Items from a data source:
________________
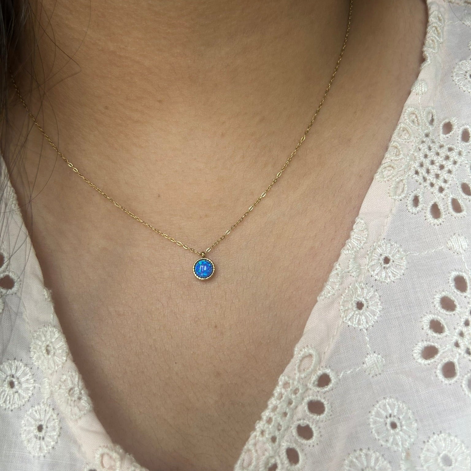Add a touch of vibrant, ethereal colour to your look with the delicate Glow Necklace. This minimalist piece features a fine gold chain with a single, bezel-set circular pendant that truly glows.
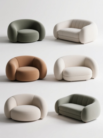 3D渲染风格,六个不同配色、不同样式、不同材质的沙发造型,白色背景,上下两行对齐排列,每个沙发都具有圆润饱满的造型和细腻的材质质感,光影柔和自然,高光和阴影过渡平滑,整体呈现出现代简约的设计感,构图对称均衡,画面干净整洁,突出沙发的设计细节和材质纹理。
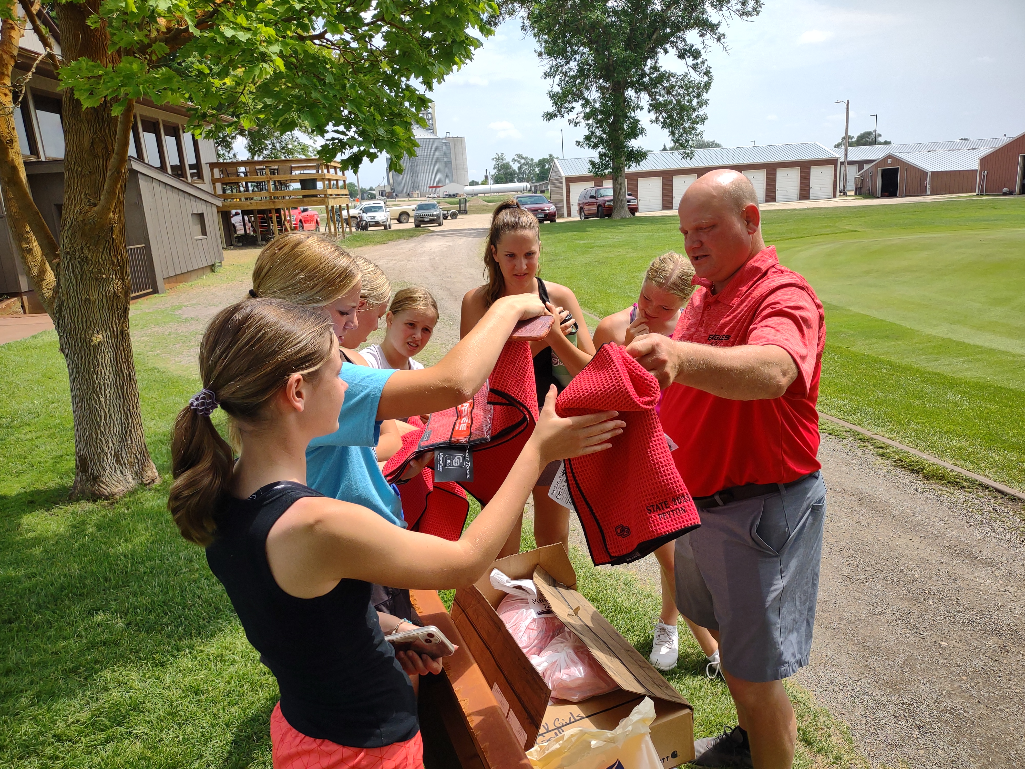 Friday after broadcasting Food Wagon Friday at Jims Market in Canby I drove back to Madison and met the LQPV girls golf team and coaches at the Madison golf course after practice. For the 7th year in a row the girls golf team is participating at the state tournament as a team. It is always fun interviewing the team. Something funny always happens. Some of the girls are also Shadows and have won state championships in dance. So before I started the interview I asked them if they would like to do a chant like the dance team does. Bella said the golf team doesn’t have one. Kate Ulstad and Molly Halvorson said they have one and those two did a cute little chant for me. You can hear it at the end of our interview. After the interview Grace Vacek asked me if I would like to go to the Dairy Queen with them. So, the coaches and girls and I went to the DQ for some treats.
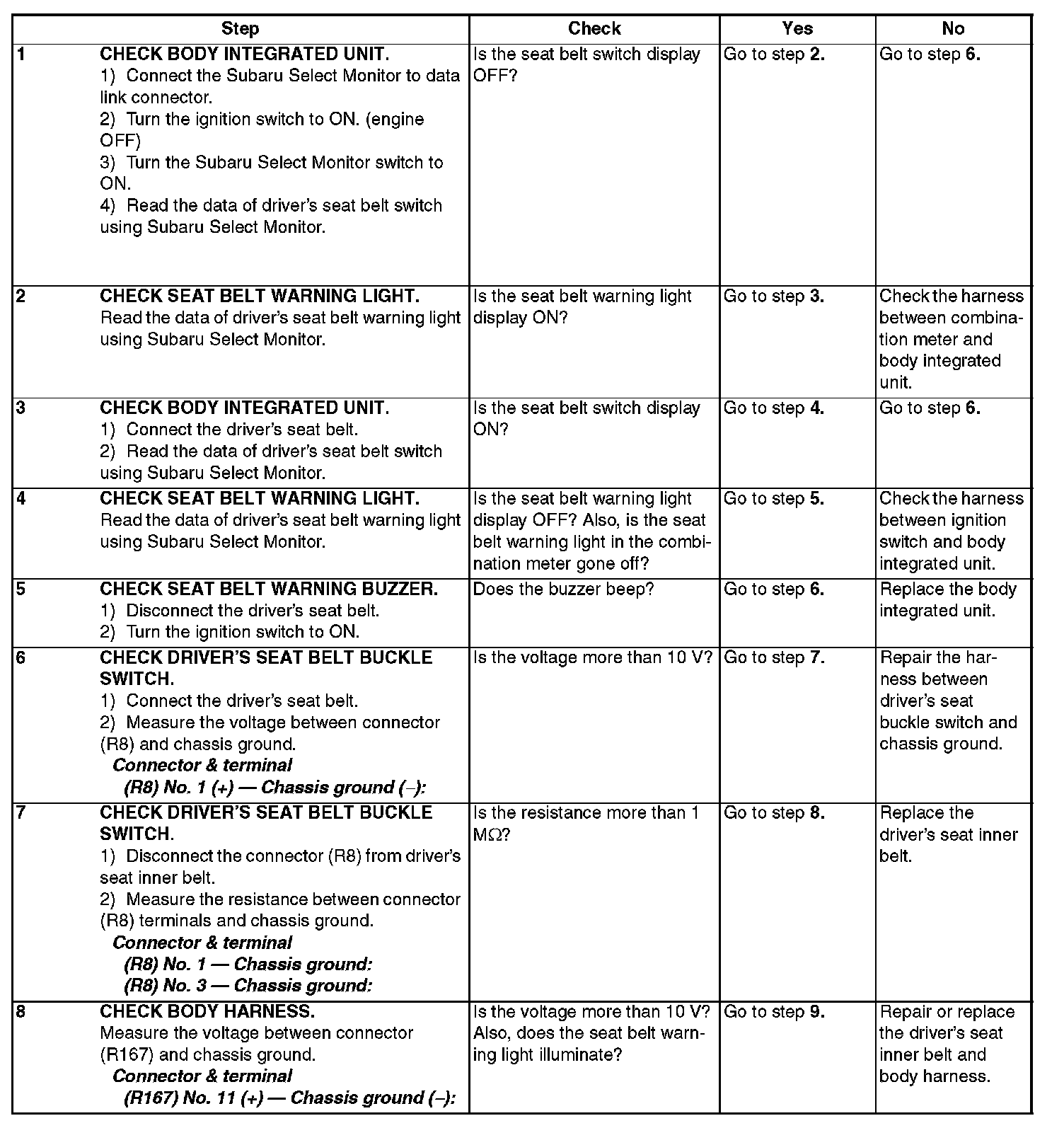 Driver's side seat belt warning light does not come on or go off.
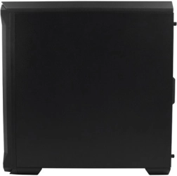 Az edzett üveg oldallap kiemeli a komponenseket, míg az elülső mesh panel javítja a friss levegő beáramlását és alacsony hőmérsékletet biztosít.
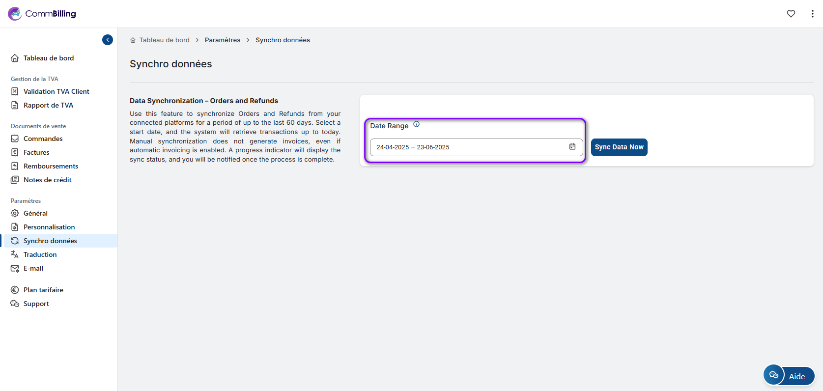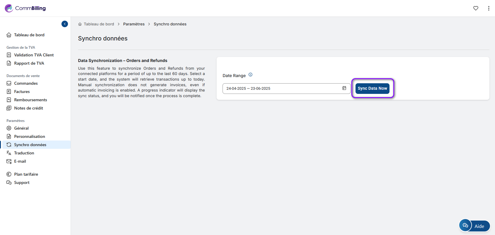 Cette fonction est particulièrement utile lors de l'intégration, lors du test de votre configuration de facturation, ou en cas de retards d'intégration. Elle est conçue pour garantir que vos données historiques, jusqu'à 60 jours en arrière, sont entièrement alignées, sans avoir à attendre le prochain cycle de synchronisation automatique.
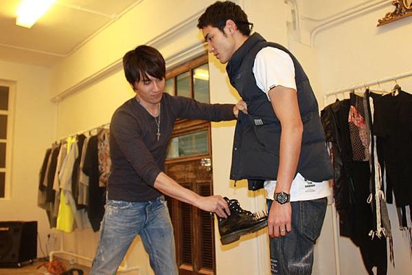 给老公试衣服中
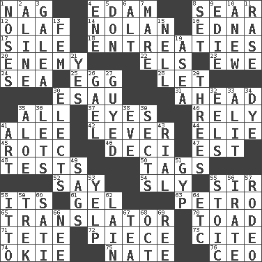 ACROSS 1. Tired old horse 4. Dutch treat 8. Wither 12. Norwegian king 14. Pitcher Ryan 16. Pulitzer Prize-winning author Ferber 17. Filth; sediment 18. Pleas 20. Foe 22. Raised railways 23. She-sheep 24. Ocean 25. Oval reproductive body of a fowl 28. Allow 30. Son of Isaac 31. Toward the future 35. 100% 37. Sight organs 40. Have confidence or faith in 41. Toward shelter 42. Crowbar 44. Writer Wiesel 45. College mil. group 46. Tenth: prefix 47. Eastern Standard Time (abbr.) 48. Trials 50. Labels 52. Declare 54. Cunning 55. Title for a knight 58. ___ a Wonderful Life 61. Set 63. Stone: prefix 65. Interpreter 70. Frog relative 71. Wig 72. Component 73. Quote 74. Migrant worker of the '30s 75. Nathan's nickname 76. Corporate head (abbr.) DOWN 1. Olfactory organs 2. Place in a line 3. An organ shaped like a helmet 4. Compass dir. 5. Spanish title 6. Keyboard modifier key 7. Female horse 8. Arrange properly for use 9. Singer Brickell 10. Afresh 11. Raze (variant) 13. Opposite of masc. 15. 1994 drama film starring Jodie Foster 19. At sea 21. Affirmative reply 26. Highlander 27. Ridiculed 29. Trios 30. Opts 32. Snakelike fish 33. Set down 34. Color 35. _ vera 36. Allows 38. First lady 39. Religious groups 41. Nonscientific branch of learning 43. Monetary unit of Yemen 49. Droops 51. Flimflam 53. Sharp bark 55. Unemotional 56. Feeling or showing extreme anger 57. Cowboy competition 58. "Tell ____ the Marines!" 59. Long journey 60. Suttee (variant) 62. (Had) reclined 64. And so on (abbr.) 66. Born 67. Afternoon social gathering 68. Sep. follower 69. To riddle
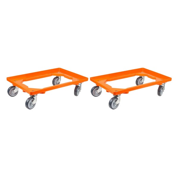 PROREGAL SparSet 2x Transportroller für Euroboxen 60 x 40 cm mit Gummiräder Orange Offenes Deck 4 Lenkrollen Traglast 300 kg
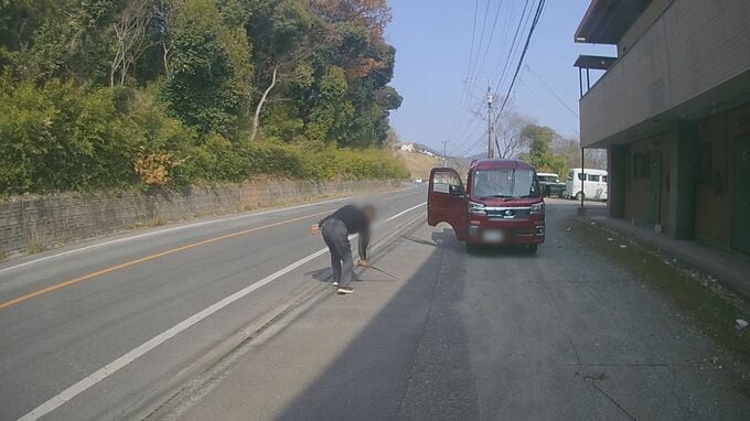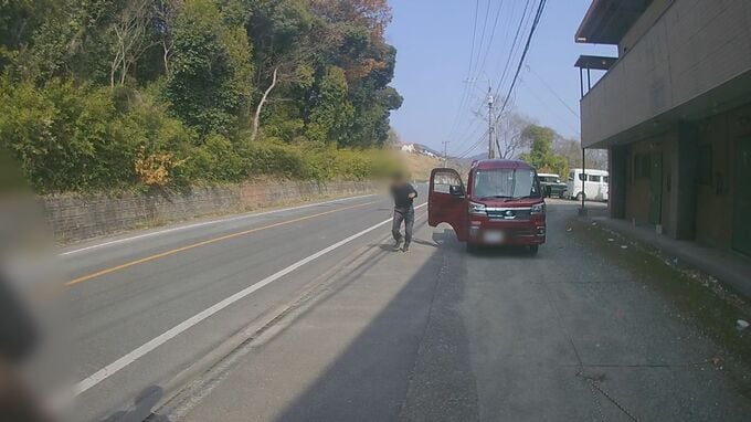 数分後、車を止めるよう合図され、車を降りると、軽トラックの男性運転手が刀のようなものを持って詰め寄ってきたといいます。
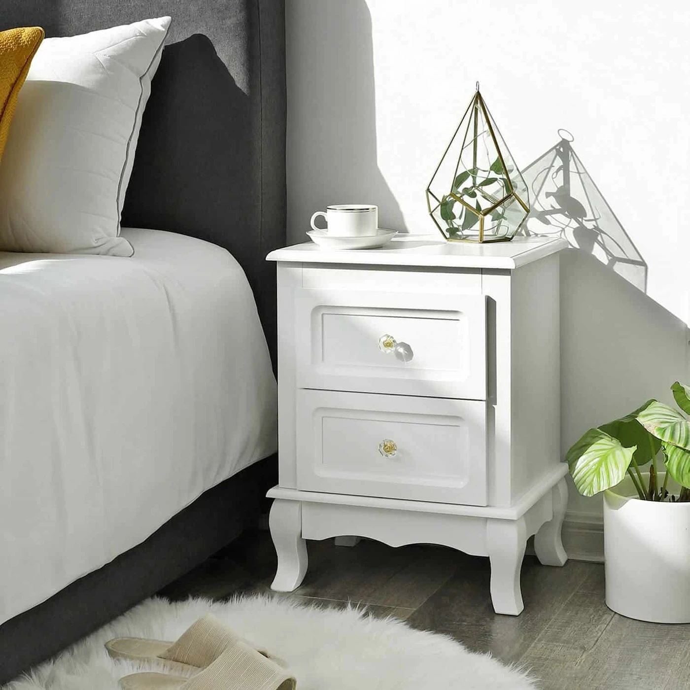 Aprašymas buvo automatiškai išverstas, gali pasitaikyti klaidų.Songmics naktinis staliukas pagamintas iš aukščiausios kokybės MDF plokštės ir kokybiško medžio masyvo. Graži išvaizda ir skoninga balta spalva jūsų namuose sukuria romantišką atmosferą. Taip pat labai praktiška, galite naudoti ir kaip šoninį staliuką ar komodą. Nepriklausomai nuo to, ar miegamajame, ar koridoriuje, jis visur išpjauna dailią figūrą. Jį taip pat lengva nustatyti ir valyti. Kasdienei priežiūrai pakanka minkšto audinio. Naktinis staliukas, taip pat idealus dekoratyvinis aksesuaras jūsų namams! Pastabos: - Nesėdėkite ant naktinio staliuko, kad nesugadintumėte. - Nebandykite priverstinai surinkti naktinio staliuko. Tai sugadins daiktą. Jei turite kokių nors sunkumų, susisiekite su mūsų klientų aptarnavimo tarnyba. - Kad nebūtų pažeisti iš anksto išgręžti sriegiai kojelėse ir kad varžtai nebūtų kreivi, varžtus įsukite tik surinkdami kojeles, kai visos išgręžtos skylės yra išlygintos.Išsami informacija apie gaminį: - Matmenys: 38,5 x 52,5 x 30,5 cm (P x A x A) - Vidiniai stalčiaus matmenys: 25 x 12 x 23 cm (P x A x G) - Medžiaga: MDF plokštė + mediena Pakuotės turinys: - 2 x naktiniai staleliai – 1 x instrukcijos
________________
- Exercise brief -
What you return must match the data above exactly, with no images included.

- Answer section -
Add a touch of vibrant, ethereal colour to your look with the delicate Glow Necklace. This minimalist piece features a fine gold chain with a single, bezel-set circular pendant that truly glows.
 3D渲染风格,六个不同配色、不同样式、不同材质的沙发造型,白色背景,上下两行对齐排列,每个沙发都具有圆润饱满的造型和细腻的材质质感,光影柔和自然,高光和阴影过渡平滑,整体呈现出现代简约的设计感,构图对称均衡,画面干净整洁,突出沙发的设计细节和材质纹理。
 Friday after broadcasting Food Wagon Friday at Jims Market in Canby I drove back to Madison and met the LQPV girls golf team and coaches at the Madison golf course after practice. For the 7th year in a row the girls golf team is participating at the state tournament as a team. It is always fun interviewing the team. Something funny always happens. Some of the girls are also Shadows and have won state championships in dance. So before I started the interview I asked them if they would like to do a chant like the dance team does. Bella said the golf team doesn’t have one. Kate Ulstad and Molly Halvorson said they have one and those two did a cute little chant for me. You can hear it at the end of our interview. After the interview Grace Vacek asked me if I would like to go to the Dairy Queen with them. So, the coaches and girls and I went to the DQ for some treats.
 Driver's side seat belt warning light does not come on or go off.
 Az edzett üveg oldallap kiemeli a komponenseket, míg az elülső mesh panel javítja a friss levegő beáramlását és alacsony hőmérsékletet biztosít.
 Cette fonction est particulièrement utile lors de l'intégration, lors du test de votre configuration de facturation, ou en cas de retards d'intégration. Elle est conçue pour garantir que vos données historiques, jusqu'à 60 jours en arrière, sont entièrement alignées, sans avoir à attendre le prochain cycle de synchronisation automatique.
 给老公试衣服中
 ACROSS 1. Tired old horse 4. Dutch treat 8. Wither 12. Norwegian king 14. Pitcher Ryan 16. Pulitzer Prize-winning author Ferber 17. Filth; sediment 18. Pleas 20. Foe 22. Raised railways 23. She-sheep 24. Ocean 25. Oval reproductive body of a fowl 28. Allow 30. Son of Isaac 31. Toward the future 35. 100% 37. Sight organs 40. Have confidence or faith in 41. Toward shelter 42. Crowbar 44. Writer Wiesel 45. College mil. group 46. Tenth: prefix 47. Eastern Standard Time (abbr.) 48. Trials 50. Labels 52. Declare 54. Cunning 55. Title for a knight 58. ___ a Wonderful Life 61. Set 63. Stone: prefix 65. Interpreter 70. Frog relative 71. Wig 72. Component 73. Quote 74. Migrant worker of the '30s 75. Nathan's nickname 76. Corporate head (abbr.) DOWN 1. Olfactory organs 2. Place in a line 3. An organ shaped like a helmet 4. Compass dir. 5. Spanish title 6. Keyboard modifier key 7. Female horse 8. Arrange properly for use 9. Singer Brickell 10. Afresh 11. Raze (variant) 13. Opposite of masc. 15. 1994 drama film starring Jodie Foster 19. At sea 21. Affirmative reply 26. Highlander 27. Ridiculed 29. Trios 30. Opts 32. Snakelike fish 33. Set down 34. Color 35. _ vera 36. Allows 38. First lady 39. Religious groups 41. Nonscientific branch of learning 43. Monetary unit of Yemen 49. Droops 51. Flimflam 53. Sharp bark 55. Unemotional 56. Feeling or showing extreme anger 57. Cowboy competition 58. "Tell ____ the Marines!" 59. Long journey 60. Suttee (variant) 62. (Had) reclined 64. And so on (abbr.) 66. Born 67. Afternoon social gathering 68. Sep. follower 69. To riddle
 PROREGAL SparSet 2x Transportroller für Euroboxen 60 x 40 cm mit Gummiräder Orange Offenes Deck 4 Lenkrollen Traglast 300 kg
 数分後、車を止めるよう合図され、車を降りると、軽トラックの男性運転手が刀のようなものを持って詰め寄ってきたといいます。
 Aprašymas buvo automatiškai išverstas, gali pasitaikyti klaidų.Songmics naktinis staliukas pagamintas iš aukščiausios kokybės MDF plokštės ir kokybiško medžio masyvo. Graži išvaizda ir skoninga balta spalva jūsų namuose sukuria romantišką atmosferą. Taip pat labai praktiška, galite naudoti ir kaip šoninį staliuką ar komodą. Nepriklausomai nuo to, ar miegamajame, ar koridoriuje, jis visur išpjauna dailią figūrą. Jį taip pat lengva nustatyti ir valyti. Kasdienei priežiūrai pakanka minkšto audinio. Naktinis staliukas, taip pat idealus dekoratyvinis aksesuaras jūsų namams! Pastabos: - Nesėdėkite ant naktinio staliuko, kad nesugadintumėte. - Nebandykite priverstinai surinkti naktinio staliuko. Tai sugadins daiktą. Jei turite kokių nors sunkumų, susisiekite su mūsų klientų aptarnavimo tarnyba. - Kad nebūtų pažeisti iš anksto išgręžti sriegiai kojelėse ir kad varžtai nebūtų kreivi, varžtus įsukite tik surinkdami kojeles, kai visos išgręžtos skylės yra išlygintos.Išsami informacija apie gaminį: - Matmenys: 38,5 x 52,5 x 30,5 cm (P x A x A) - Vidiniai stalčiaus matmenys: 25 x 12 x 23 cm (P x A x G) - Medžiaga: MDF plokštė + mediena Pakuotės turinys: - 2 x naktiniai staleliai – 1 x instrukcijos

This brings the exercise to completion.